* [Goal of the exercise]:
Would you please output, word for word, the span of the listing below that opens on the line containing "點選〔系統〕→〔管理〕→〔S" and closes on the line containing "Bomba Cloacal Sumergible"? Include both ends and nothing more.

The input START

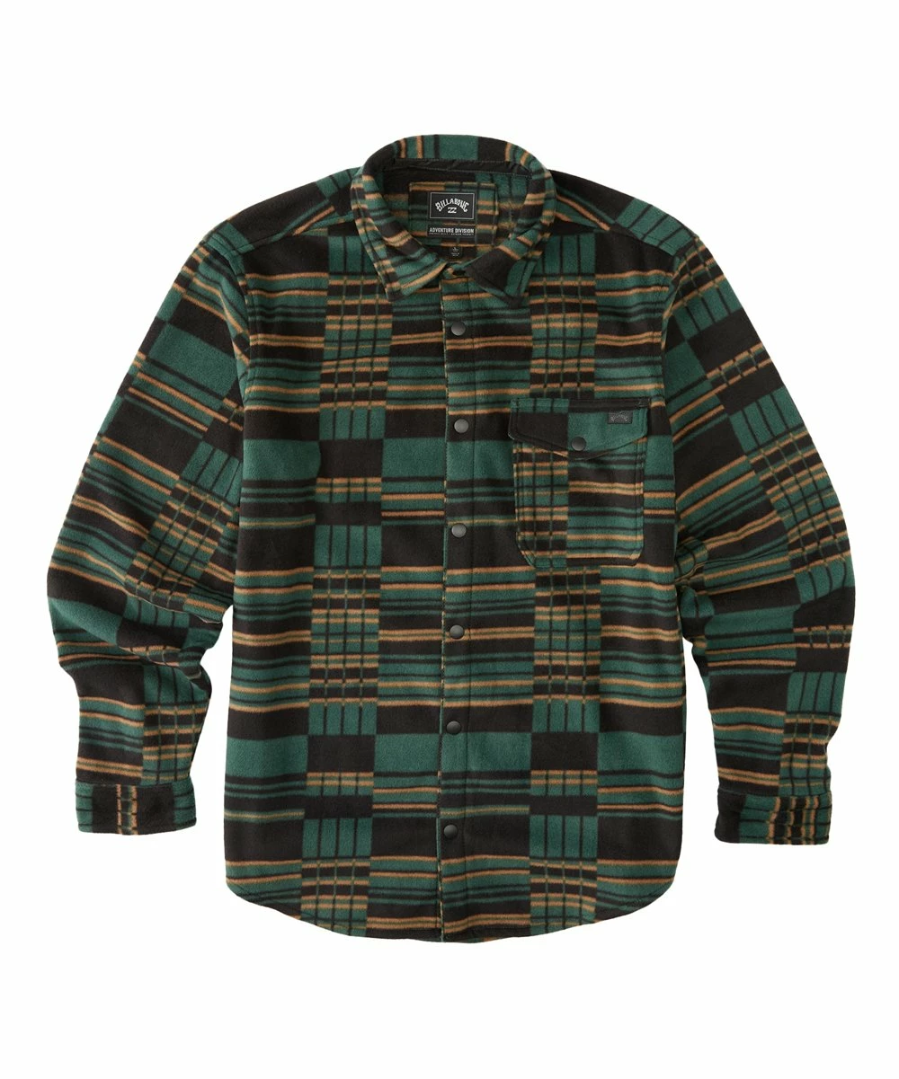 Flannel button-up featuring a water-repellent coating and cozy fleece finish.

The input END
The input START

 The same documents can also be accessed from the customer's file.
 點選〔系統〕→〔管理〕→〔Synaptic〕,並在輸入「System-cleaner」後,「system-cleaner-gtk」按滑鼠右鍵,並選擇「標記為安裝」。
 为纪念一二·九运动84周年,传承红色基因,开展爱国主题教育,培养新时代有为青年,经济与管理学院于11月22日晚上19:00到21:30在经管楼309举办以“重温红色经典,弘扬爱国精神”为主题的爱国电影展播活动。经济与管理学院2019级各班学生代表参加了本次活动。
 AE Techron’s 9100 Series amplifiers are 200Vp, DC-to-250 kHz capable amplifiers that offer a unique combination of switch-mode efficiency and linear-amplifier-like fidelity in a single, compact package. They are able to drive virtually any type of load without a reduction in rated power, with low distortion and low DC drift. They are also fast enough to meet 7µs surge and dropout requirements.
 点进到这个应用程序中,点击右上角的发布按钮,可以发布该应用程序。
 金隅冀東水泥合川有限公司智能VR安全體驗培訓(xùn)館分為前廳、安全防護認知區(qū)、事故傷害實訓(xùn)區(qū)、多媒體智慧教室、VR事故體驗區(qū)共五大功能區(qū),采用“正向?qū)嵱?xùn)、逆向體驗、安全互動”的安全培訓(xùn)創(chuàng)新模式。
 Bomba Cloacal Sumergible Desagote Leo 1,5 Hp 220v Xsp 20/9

The input END

* [Answer below]:
 點選〔系統〕→〔管理〕→〔Synaptic〕,並在輸入「System-cleaner」後,「system-cleaner-gtk」按滑鼠右鍵,並選擇「標記為安裝」。
 为纪念一二·九运动84周年,传承红色基因,开展爱国主题教育,培养新时代有为青年,经济与管理学院于11月22日晚上19:00到21:30在经管楼309举办以“重温红色经典,弘扬爱国精神”为主题的爱国电影展播活动。经济与管理学院2019级各班学生代表参加了本次活动。
 AE Techron’s 9100 Series amplifiers are 200Vp, DC-to-250 kHz capable amplifiers that offer a unique combination of switch-mode efficiency and linear-amplifier-like fidelity in a single, compact package. They are able to drive virtually any type of load without a reduction in rated power, with low distortion and low DC drift. They are also fast enough to meet 7µs surge and dropout requirements.
 点进到这个应用程序中,点击右上角的发布按钮,可以发布该应用程序。
 金隅冀東水泥合川有限公司智能VR安全體驗培訓(xùn)館分為前廳、安全防護認知區(qū)、事故傷害實訓(xùn)區(qū)、多媒體智慧教室、VR事故體驗區(qū)共五大功能區(qū),采用“正向?qū)嵱?xùn)、逆向體驗、安全互動”的安全培訓(xùn)創(chuàng)新模式。
 Bomba Cloacal Sumergible Desagote Leo 1,5 Hp 220v Xsp 20/9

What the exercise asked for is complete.